▸ WHAT THE TASK REQUIRES:
Exact reproduction of the listing is required. Pictures are not reproduced.

▸ DATA BLOCK:
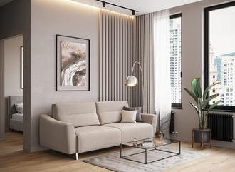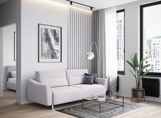 Благодаря высоким трапециевидным опорам под диваном проходит робот-пылесос и легко проводится влажная уборка, что поможет обеспечить чистоту и порядок в доме.
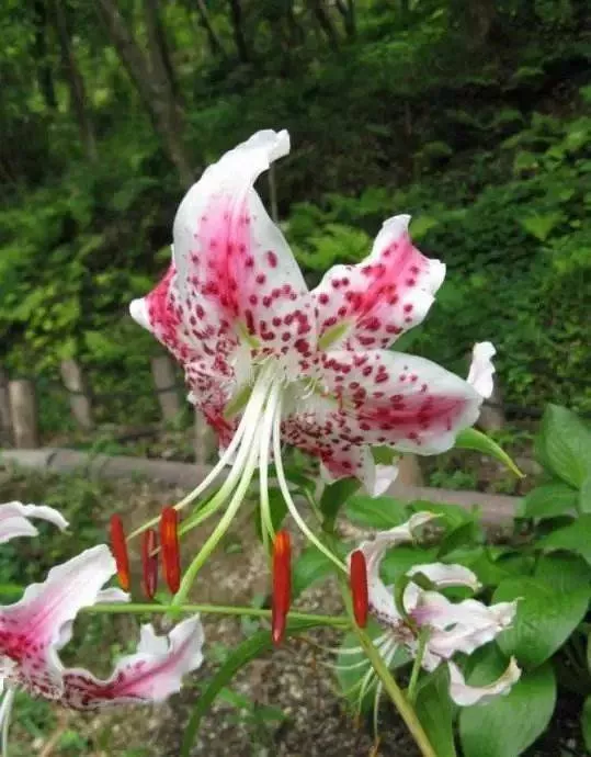 鹿子百合,又名大葉百合、艷紅百合。白色的花瓣上有紅色斑點(diǎn),很像小鹿身上的花紋,花瓣向后彎曲,又如龍爪,花開時(shí)伴有濃郁的香味。
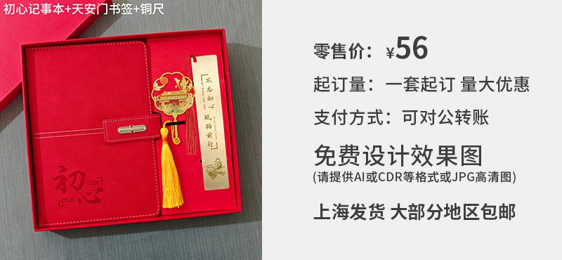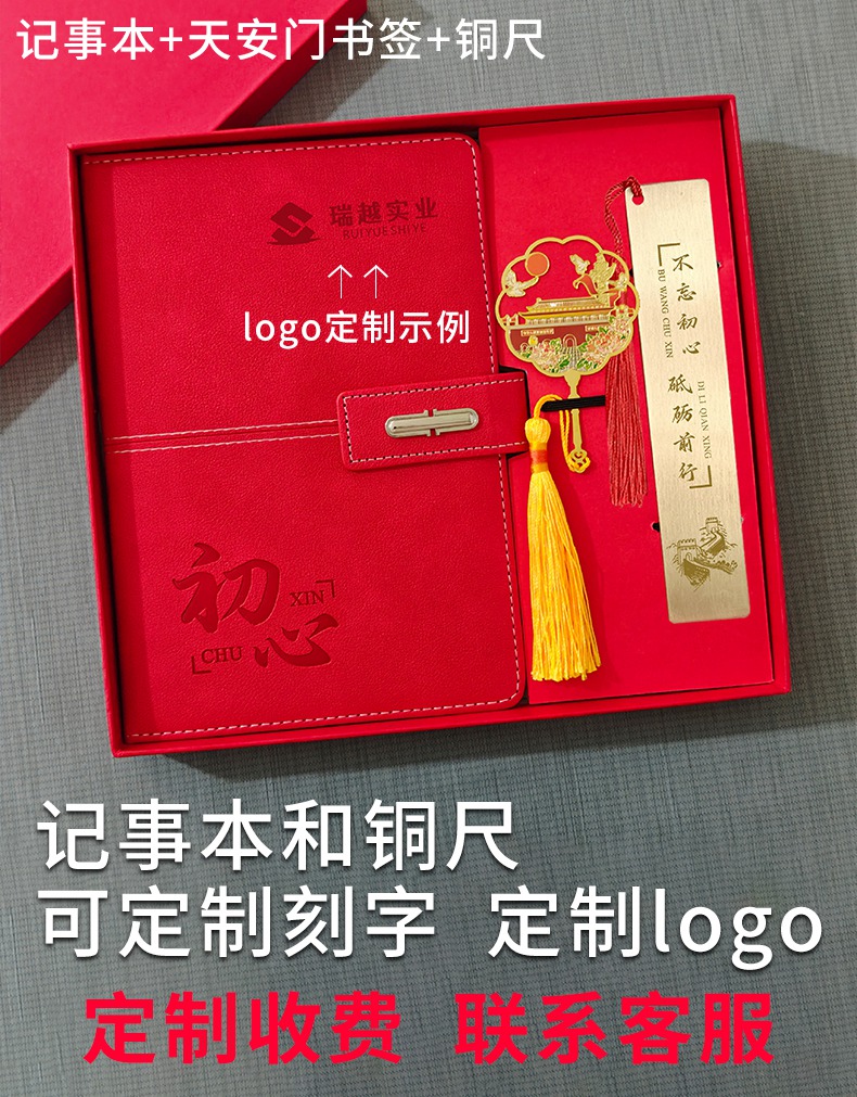 红色初心记事本+天安门广场书签+铜尺 礼盒套装

▸ EXERCISE OUTPUT:
 Благодаря высоким трапециевидным опорам под диваном проходит робот-пылесос и легко проводится влажная уборка, что поможет обеспечить чистоту и порядок в доме.
 鹿子百合,又名大葉百合、艷紅百合。白色的花瓣上有紅色斑點(diǎn),很像小鹿身上的花紋,花瓣向后彎曲,又如龍爪,花開時(shí)伴有濃郁的香味。
 红色初心记事本+天安门广场书签+铜尺 礼盒套装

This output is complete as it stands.